Snow kept his cool to help keep a one-run lead in the fifth, then homered in the sixth for a 4-1 edge.

After Sanders singled with two outs, Snow again showed power the other way when he homered to left-center. The shot chased Washburn and was especially sweet for Snow -- he's only player in this Series with extensive experience for both teams, having played for the Angels from 1993-96 before being traded to the Giants.

San Francisco did not get another hit as the Angels' bullpen was nearly perfect.

Glaus struck back in the bottom of the sixth with a leadoff homer and when Brad Fullmer walked and scored on Adam Kennedy's two-out single to make it 4-3, Schmidt was pulled.

Schmidt hit 99 mph with his fastball and said he occasionally looked at his mother in the stands at Edison Field. Diagnosed with a malignant brain tumor in spring training, she has greatly improved.
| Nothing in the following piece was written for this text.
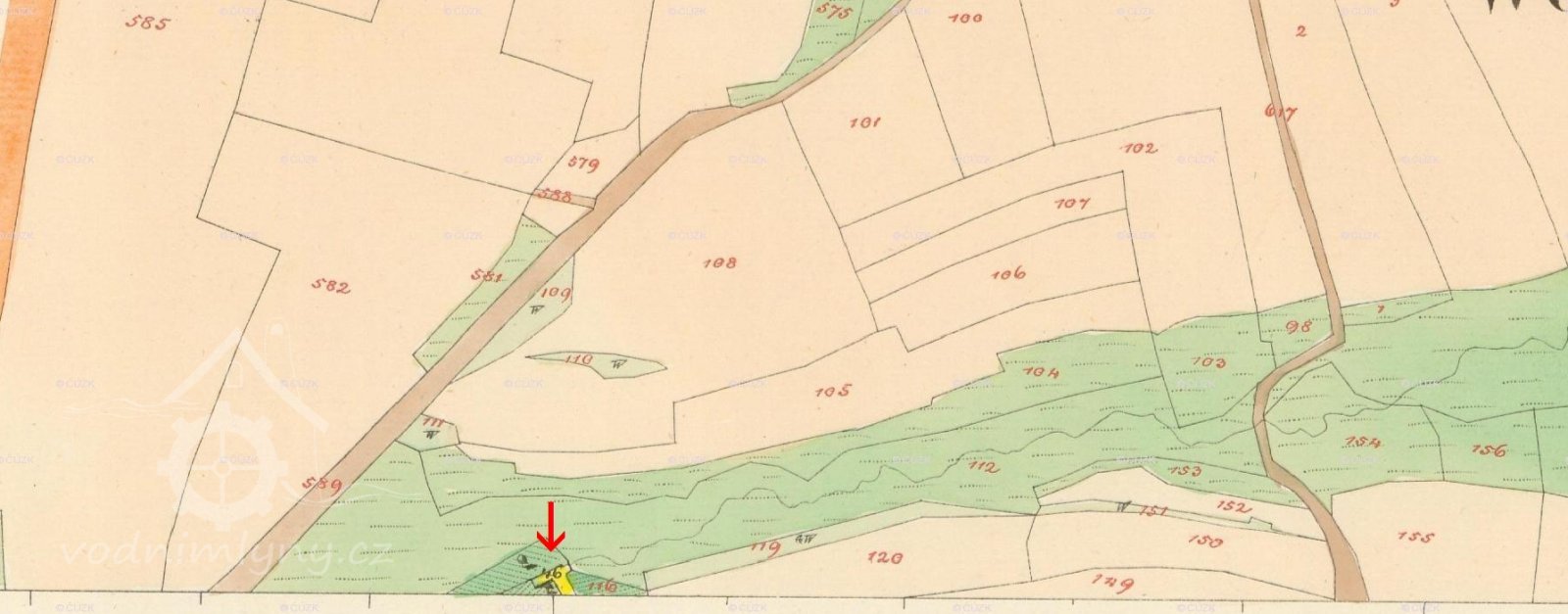 Je znázorněn na I. vojenském mapování a dále též na III.

Despite falling down, Snow made a heads-up play at first base to preserve a 2-1 lead in the fifth. With runners on first and third and one out, Tim Salmon lifted a foul pop and Snow drifted over, only to suddenly slipping on the gravel in front of the dugout.

Snow, who won two Gold Gloves with the Angels and four more with the Giants, regained his feet and composure and made the catch, prompting Salmon to slam his bat on home plate. Schmidt took care of the rest, striking out Garret Anderson to end the inning.

''Luckily, I fell on my backside and was able to keep my concentration,'' Snow said.

Notes: The first three hits were home runs, the first time that's happened in a Series game. ... All six of Glaus' homers in this postseason have been solo shots. ... Erstad has a hit in all 10 Angels games in the postseason. ... Giants DH Tsuyoshi Shinjo became the first Japanese player to appear a World Series game, going 1-for-3. Hideki Irabu was on the Yankees' roster for a World Series, but did not pitch. ... The team that has won Game 1 of the World Series has gone on to win the last five championships.